INPUT FOR THIS TASK:
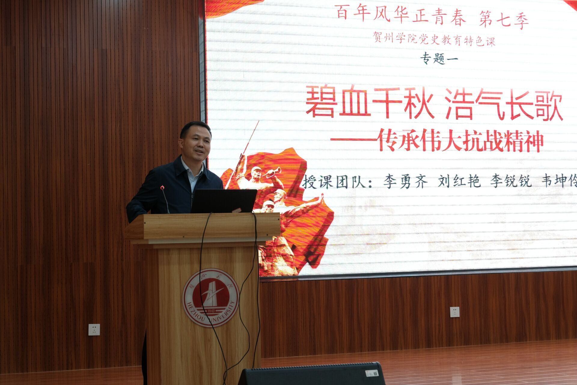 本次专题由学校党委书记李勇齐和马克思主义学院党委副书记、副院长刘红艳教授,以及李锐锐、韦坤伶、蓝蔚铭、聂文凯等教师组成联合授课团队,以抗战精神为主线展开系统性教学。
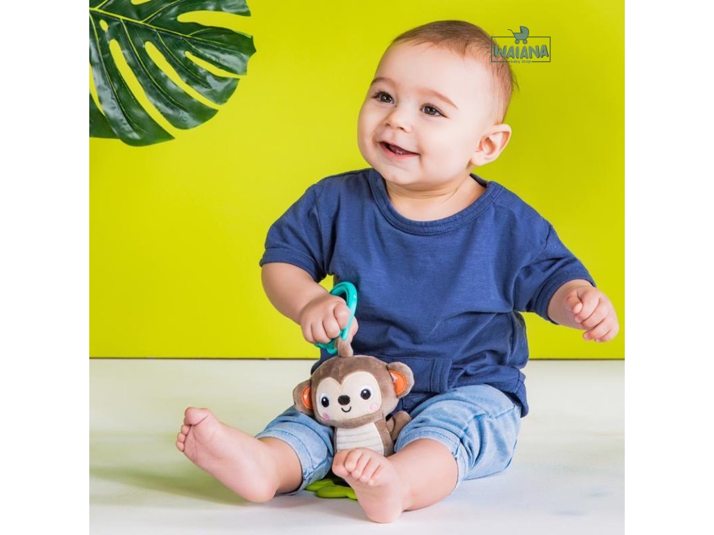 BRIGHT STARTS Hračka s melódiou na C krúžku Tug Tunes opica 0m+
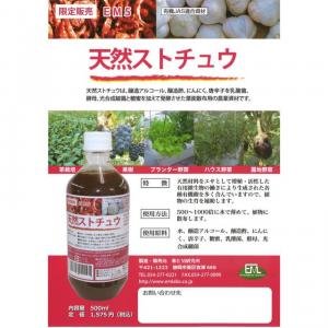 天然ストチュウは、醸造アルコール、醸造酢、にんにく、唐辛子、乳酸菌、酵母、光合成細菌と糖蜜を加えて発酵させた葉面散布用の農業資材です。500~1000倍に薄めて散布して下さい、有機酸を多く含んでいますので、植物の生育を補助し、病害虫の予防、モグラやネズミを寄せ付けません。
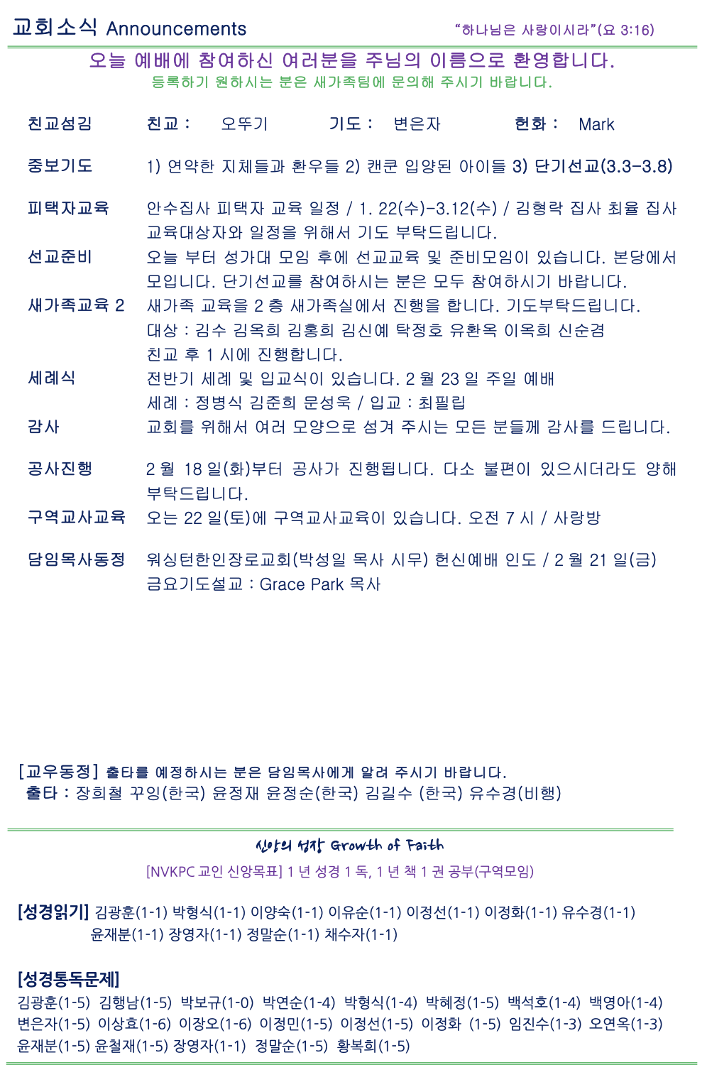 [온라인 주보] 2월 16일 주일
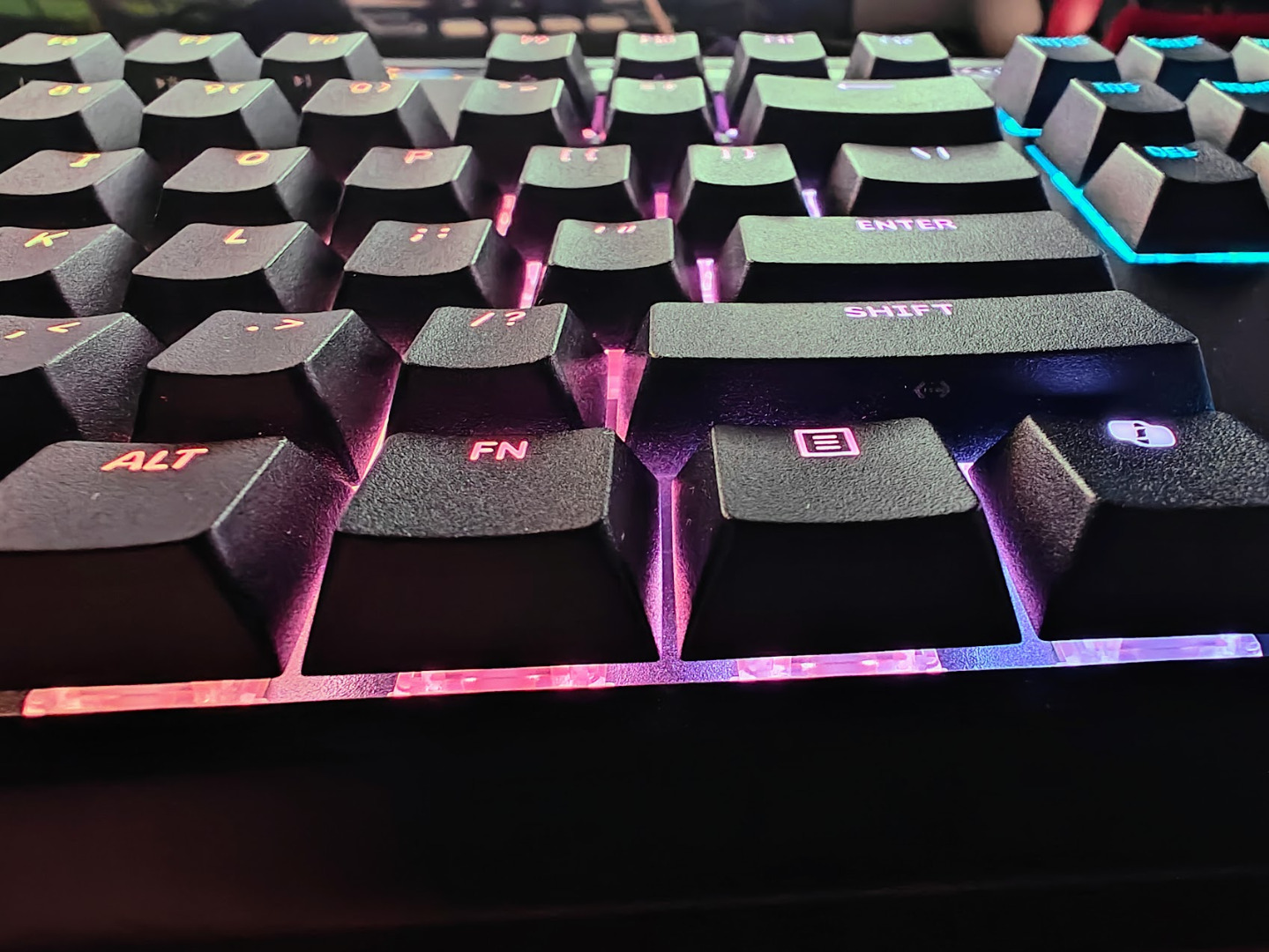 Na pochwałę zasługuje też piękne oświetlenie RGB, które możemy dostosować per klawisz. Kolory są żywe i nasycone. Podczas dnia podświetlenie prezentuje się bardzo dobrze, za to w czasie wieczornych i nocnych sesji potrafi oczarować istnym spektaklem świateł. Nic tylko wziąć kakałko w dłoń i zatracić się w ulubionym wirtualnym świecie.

ACTION ITEM: All lines from the one bearing "[온라인 주보] 2월 16일 주일" through the last line of the records, and only those, should be duplicated exactly; no picture belongs in the copy.

RESULT FOR THIS TASK:
 [온라인 주보] 2월 16일 주일
 Na pochwałę zasługuje też piękne oświetlenie RGB, które możemy dostosować per klawisz. Kolory są żywe i nasycone. Podczas dnia podświetlenie prezentuje się bardzo dobrze, za to w czasie wieczornych i nocnych sesji potrafi oczarować istnym spektaklem świateł. Nic tylko wziąć kakałko w dłoń i zatracić się w ulubionym wirtualnym świecie.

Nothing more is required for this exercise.